__The task__: Using the data below, output a verbatim copy of the lines between the one holding "Как можно увидеть" and the one holding "Kirkkonummelle laajennusosa 60-luvulla", inclusive, without any pictures.

__Data provided__:
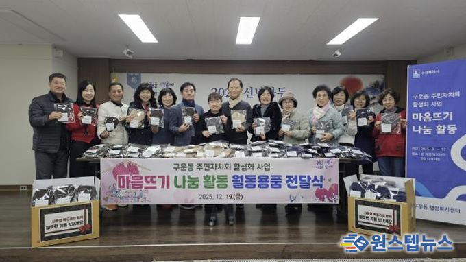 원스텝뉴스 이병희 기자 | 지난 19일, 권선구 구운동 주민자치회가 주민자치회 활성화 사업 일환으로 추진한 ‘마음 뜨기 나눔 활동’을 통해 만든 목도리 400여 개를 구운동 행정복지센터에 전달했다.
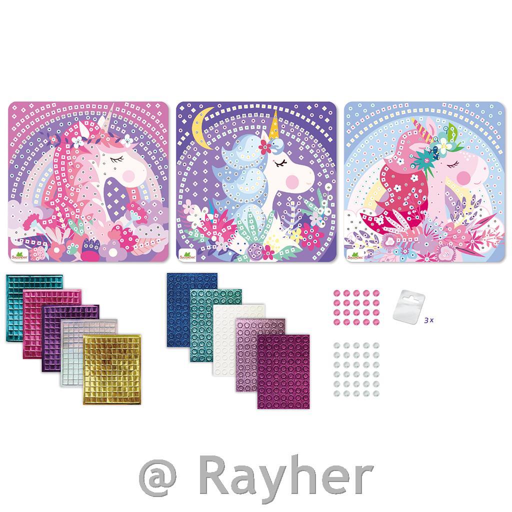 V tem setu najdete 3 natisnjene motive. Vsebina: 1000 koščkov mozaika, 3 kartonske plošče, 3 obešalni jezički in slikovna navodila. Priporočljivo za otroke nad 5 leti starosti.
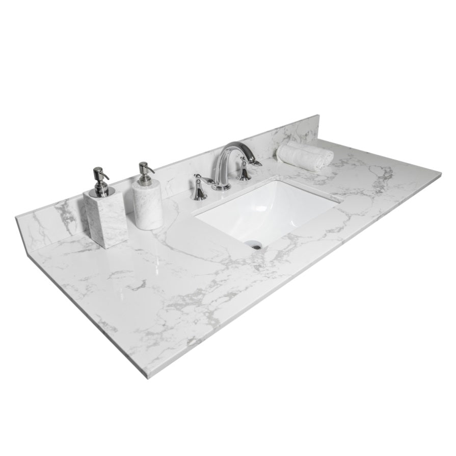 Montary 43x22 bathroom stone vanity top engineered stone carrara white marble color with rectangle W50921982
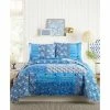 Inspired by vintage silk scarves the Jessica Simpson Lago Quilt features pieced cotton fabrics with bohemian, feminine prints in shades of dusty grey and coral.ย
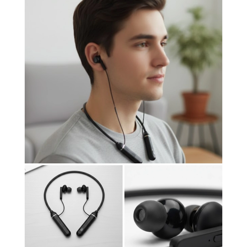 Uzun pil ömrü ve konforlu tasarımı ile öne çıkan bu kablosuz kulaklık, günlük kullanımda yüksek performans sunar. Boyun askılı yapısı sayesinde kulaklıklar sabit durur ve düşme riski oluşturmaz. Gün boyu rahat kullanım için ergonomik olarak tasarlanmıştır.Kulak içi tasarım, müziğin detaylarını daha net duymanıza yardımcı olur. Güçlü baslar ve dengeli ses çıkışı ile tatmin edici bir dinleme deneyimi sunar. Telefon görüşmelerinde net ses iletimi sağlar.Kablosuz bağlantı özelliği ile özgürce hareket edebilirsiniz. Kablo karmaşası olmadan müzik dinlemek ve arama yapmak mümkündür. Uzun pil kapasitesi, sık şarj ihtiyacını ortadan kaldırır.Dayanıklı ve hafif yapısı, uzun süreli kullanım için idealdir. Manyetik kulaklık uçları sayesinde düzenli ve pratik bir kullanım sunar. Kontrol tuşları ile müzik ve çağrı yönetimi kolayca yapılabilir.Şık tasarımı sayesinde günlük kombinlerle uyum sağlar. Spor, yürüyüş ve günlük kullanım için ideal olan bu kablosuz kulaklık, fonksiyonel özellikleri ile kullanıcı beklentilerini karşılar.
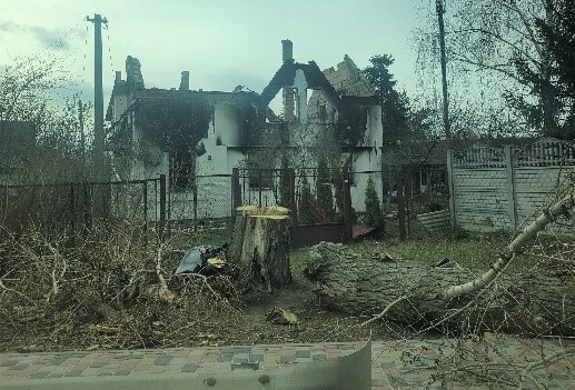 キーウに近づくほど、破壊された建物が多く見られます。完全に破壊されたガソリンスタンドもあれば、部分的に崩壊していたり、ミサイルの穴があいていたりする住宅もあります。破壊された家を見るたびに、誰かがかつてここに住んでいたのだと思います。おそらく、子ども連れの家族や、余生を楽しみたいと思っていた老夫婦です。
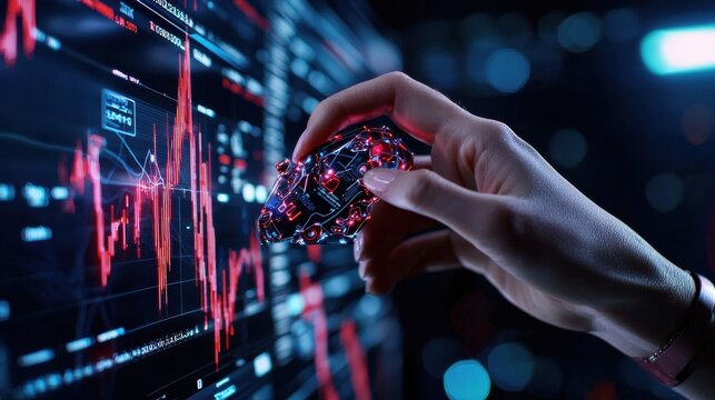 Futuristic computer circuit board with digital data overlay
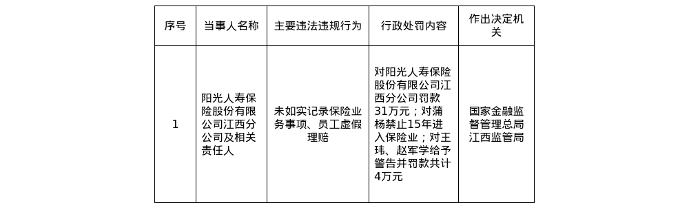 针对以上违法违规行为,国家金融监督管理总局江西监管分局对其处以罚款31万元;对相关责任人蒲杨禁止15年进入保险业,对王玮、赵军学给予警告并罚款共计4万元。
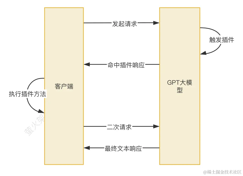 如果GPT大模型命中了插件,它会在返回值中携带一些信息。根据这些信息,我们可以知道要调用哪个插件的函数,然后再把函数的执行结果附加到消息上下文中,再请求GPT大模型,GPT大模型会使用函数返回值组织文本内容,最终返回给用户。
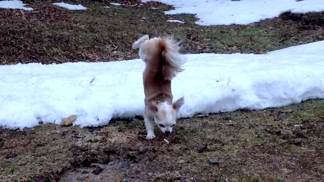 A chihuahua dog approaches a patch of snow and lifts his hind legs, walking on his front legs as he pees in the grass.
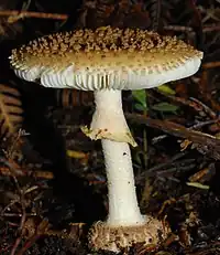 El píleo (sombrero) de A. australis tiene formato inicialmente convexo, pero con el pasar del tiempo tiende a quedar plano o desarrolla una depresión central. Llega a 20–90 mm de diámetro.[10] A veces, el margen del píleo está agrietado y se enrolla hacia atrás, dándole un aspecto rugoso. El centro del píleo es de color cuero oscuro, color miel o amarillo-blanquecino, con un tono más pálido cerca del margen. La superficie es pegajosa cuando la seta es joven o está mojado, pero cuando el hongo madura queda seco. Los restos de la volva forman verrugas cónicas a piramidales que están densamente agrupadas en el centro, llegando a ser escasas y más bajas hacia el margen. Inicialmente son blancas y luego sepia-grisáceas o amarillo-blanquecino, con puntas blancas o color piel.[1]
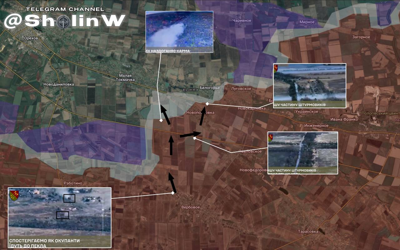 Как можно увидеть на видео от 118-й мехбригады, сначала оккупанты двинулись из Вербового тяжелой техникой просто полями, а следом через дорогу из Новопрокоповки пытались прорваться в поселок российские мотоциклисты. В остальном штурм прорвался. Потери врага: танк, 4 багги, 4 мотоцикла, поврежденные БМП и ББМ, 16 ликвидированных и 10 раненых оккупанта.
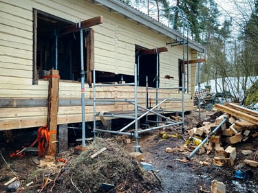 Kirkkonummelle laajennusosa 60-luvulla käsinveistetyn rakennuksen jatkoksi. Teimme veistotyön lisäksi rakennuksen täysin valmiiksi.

...

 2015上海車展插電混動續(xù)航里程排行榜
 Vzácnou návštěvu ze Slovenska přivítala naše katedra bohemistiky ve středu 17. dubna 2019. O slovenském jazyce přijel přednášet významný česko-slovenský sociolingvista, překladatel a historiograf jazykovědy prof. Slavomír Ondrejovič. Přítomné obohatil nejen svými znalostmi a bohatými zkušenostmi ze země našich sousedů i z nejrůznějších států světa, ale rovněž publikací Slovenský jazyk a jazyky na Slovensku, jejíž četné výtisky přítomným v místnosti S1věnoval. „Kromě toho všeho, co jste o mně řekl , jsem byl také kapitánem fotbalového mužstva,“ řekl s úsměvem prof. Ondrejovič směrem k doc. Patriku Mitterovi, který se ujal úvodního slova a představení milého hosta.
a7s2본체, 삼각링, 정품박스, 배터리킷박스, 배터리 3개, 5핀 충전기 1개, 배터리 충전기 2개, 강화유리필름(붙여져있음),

__Answer area__:
 Как можно увидеть на видео от 118-й мехбригады, сначала оккупанты двинулись из Вербового тяжелой техникой просто полями, а следом через дорогу из Новопрокоповки пытались прорваться в поселок российские мотоциклисты. В остальном штурм прорвался. Потери врага: танк, 4 багги, 4 мотоцикла, поврежденные БМП и ББМ, 16 ликвидированных и 10 раненых оккупанта.
 Kirkkonummelle laajennusosa 60-luvulla käsinveistetyn rakennuksen jatkoksi. Teimme veistotyön lisäksi rakennuksen täysin valmiiksi.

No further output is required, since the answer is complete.